### PROBLEM STATEMENT
All of the data should be reproduced word for word, though its pictures must be omitted.

### Entries taken from a collection
+ + + + + + +

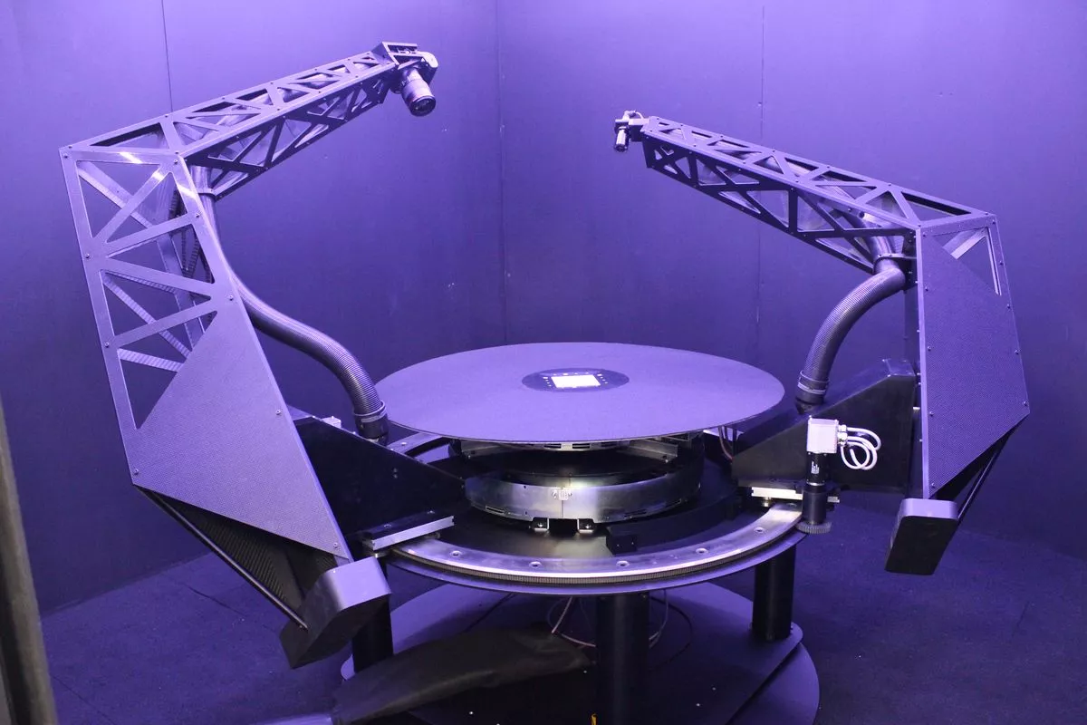 The instrument used to measure the BRDF is called a gonioreflectometer. The instrument has a light source that can be positioned to illuminate the surface at many different angles (typically on a sphere), and a detector that can be positioned at many locations on the sphere. There are many different designs for gonioreflectometers. The one in Figure 5.13 shows a surface is placed on a stage that can be rotated. The light and camera are on two arms whose positions can be controlled, sweeping out the possible angles for the incident and reflected light. To measure the reflectance of a surface requires calibrating the amount of incident light, say by making a measurement with a perfect, white diffusing surface, and then making a second measurement with the material of interest. The ratio of the responses is the reflectance. The same calibration measurement can be re-used for multiple materials of interest.
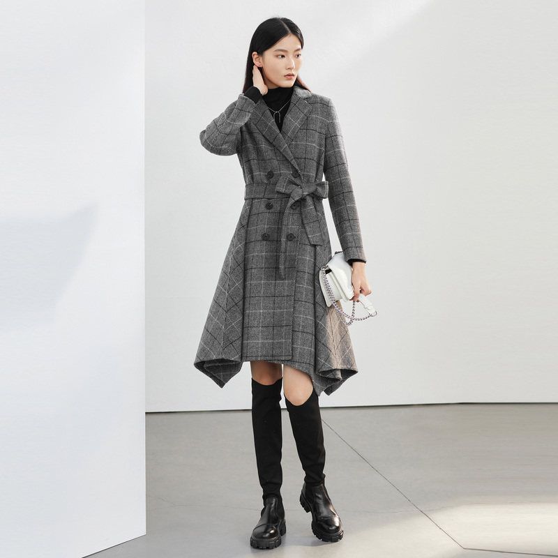 【专柜正版】高端双面羊毛羊绒毛呢大衣双排扣毛呢外套时尚洋xz12
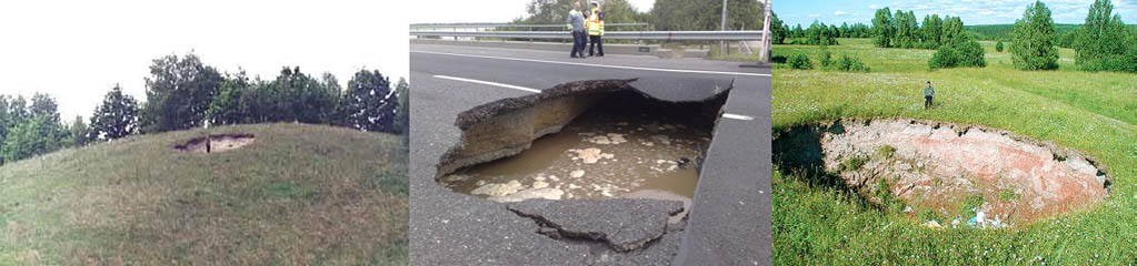 То же самое массовое беспорядочное дренирование приводит к т. наз. суффозии грунта, см. рис. В нем образуются подземные пустоты, их своды рано или поздно обрушиваются и внезапно возникают провалы. Предугадать, где и когда просядет земля от суффозии, невозможно.
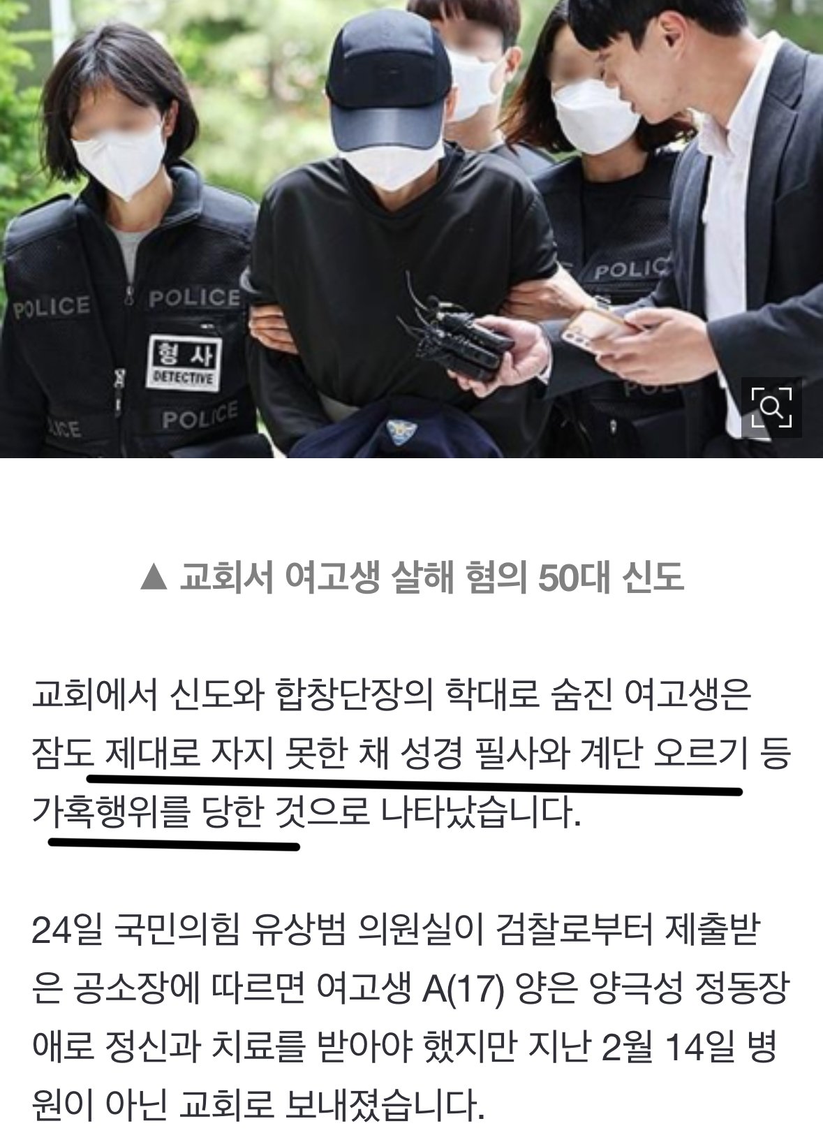교회서 숨진 여고생, 5일간 잠도 못자고 성경 필사등 가혹행위
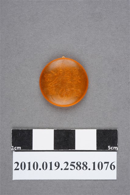 1.本物件為卡通霹靂日光號之同名尪仔仙。硬質塑膠材質,扁平,單一橙色,單面浮雕圖案。外觀呈圓形,正面圖案為左腳跪地,右腳立起的人型,右手拿著東西向上舉。人型旁邊有霹靂日光號字樣。
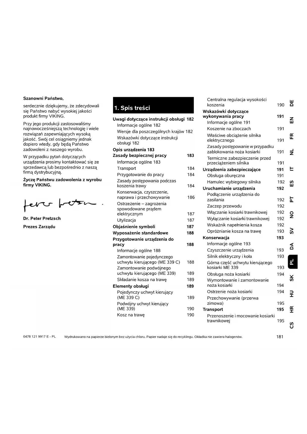 DEENFRNLITESPTNOSVDASKHUHRCS PL 0478 121 9917 E - PL Szanowni Państwo, serdecznie dziękujemy, że zdecydowali się Państwo nabyć wysokiej jakości produkt firmy VIKING. Przy jego produkcji zastosowaliśmy najnowocześniejszą technologię i wiele rozwiązań zapewniających wysoką jakość. Swój cel osiągniemy jednak dopiero wtedy, gdy będą Państwo zadowoleni z naszego wyrobu. W przypadku pytań dotyczących urządzenia prosimy kontaktować się ze sprzedawcą lub bezpośrednio z naszą firmą dystrybucyjną. Życzę Państwu zadowolenia z wyrobu firmy VIKING. Prezes Zarządu Wydrukowano na papierze bielonym bez użycia chloru. Papier nadaje się do recyklingu. Okładka nie zawiera halogenów.
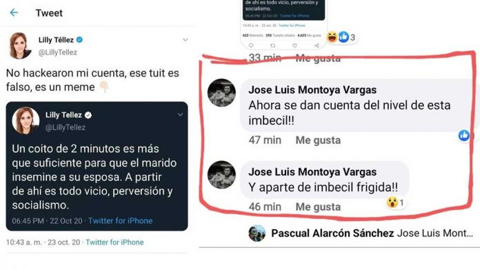 El 28 de octubre del 2020 a través de su cuenta de Facebook llamó “imbécil y frígida” a la senadora Lily Téllez tras la aparición de un tuit falso —un meme como si fuera un tuit de la senadora— donde se leía: “un coito de 2 minutos es más que suficiente para que el marido insemine a su esposa. A partir de ahí es todo vicio, perversión y socialismo”.
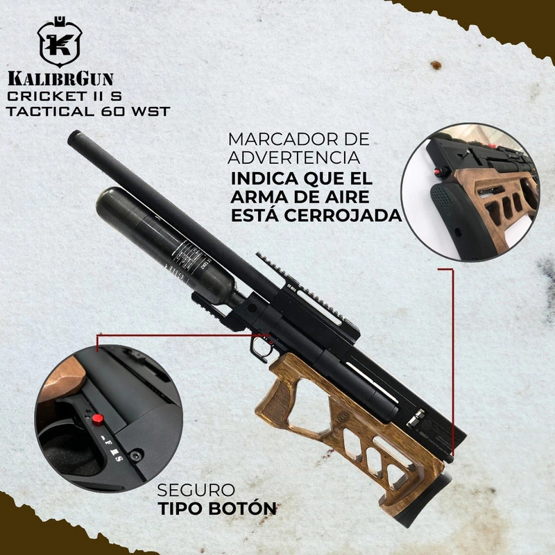 El CRICKET II S TACTICAL 60 WST es la elección perfecta para los tiradores que buscan un rifle de alta potencia y precisión con un diseño sofisticado. Su capacidad de mantener una energía constante, su fácil recarga y su ergonomía avanzada lo convierten en una herramienta indispensable para cualquier entusiasta del tiro.
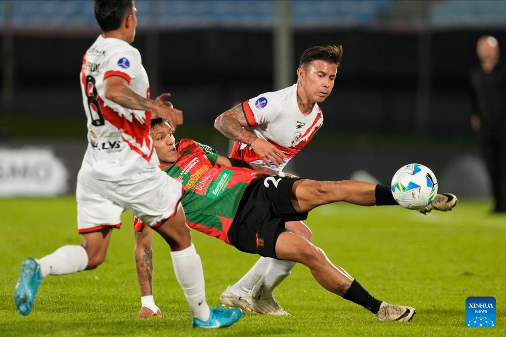 MONTEVIDEO, 23 abril, 2025 (Xinhua) -- Imagen del 22 de abril de 2025 del Fredy Martínez (c), de Boston River de Uruguay, disputando el balón con Diego Hoyos (atrás), y Luis Pavia (frente), de Nacional Potosí de Bolivia, durante un partido del grupo A de la jornada 3 de la Fase de Grupos de la Copa Conmebol Sudamericana, celebrado en el estadio Centenario, en Montevideo, capital de Uruguay. (Xinhua/Nicolás Celaya)

+ + + + + + +

### EXERCISE SOLUTION
 The instrument used to measure the BRDF is called a gonioreflectometer. The instrument has a light source that can be positioned to illuminate the surface at many different angles (typically on a sphere), and a detector that can be positioned at many locations on the sphere. There are many different designs for gonioreflectometers. The one in Figure 5.13 shows a surface is placed on a stage that can be rotated. The light and camera are on two arms whose positions can be controlled, sweeping out the possible angles for the incident and reflected light. To measure the reflectance of a surface requires calibrating the amount of incident light, say by making a measurement with a perfect, white diffusing surface, and then making a second measurement with the material of interest. The ratio of the responses is the reflectance. The same calibration measurement can be re-used for multiple materials of interest.
 【专柜正版】高端双面羊毛羊绒毛呢大衣双排扣毛呢外套时尚洋xz12
 То же самое массовое беспорядочное дренирование приводит к т. наз. суффозии грунта, см. рис. В нем образуются подземные пустоты, их своды рано или поздно обрушиваются и внезапно возникают провалы. Предугадать, где и когда просядет земля от суффозии, невозможно.
교회서 숨진 여고생, 5일간 잠도 못자고 성경 필사등 가혹행위
 1.本物件為卡通霹靂日光號之同名尪仔仙。硬質塑膠材質,扁平,單一橙色,單面浮雕圖案。外觀呈圓形,正面圖案為左腳跪地,右腳立起的人型,右手拿著東西向上舉。人型旁邊有霹靂日光號字樣。
 DEENFRNLITESPTNOSVDASKHUHRCS PL 0478 121 9917 E - PL Szanowni Państwo, serdecznie dziękujemy, że zdecydowali się Państwo nabyć wysokiej jakości produkt firmy VIKING. Przy jego produkcji zastosowaliśmy najnowocześniejszą technologię i wiele rozwiązań zapewniających wysoką jakość. Swój cel osiągniemy jednak dopiero wtedy, gdy będą Państwo zadowoleni z naszego wyrobu. W przypadku pytań dotyczących urządzenia prosimy kontaktować się ze sprzedawcą lub bezpośrednio z naszą firmą dystrybucyjną. Życzę Państwu zadowolenia z wyrobu firmy VIKING. Prezes Zarządu Wydrukowano na papierze bielonym bez użycia chloru. Papier nadaje się do recyklingu. Okładka nie zawiera halogenów.
 El 28 de octubre del 2020 a través de su cuenta de Facebook llamó “imbécil y frígida” a la senadora Lily Téllez tras la aparición de un tuit falso —un meme como si fuera un tuit de la senadora— donde se leía: “un coito de 2 minutos es más que suficiente para que el marido insemine a su esposa. A partir de ahí es todo vicio, perversión y socialismo”.
 El CRICKET II S TACTICAL 60 WST es la elección perfecta para los tiradores que buscan un rifle de alta potencia y precisión con un diseño sofisticado. Su capacidad de mantener una energía constante, su fácil recarga y su ergonomía avanzada lo convierten en una herramienta indispensable para cualquier entusiasta del tiro.
 MONTEVIDEO, 23 abril, 2025 (Xinhua) -- Imagen del 22 de abril de 2025 del Fredy Martínez (c), de Boston River de Uruguay, disputando el balón con Diego Hoyos (atrás), y Luis Pavia (frente), de Nacional Potosí de Bolivia, durante un partido del grupo A de la jornada 3 de la Fase de Grupos de la Copa Conmebol Sudamericana, celebrado en el estadio Centenario, en Montevideo, capital de Uruguay. (Xinhua/Nicolás Celaya)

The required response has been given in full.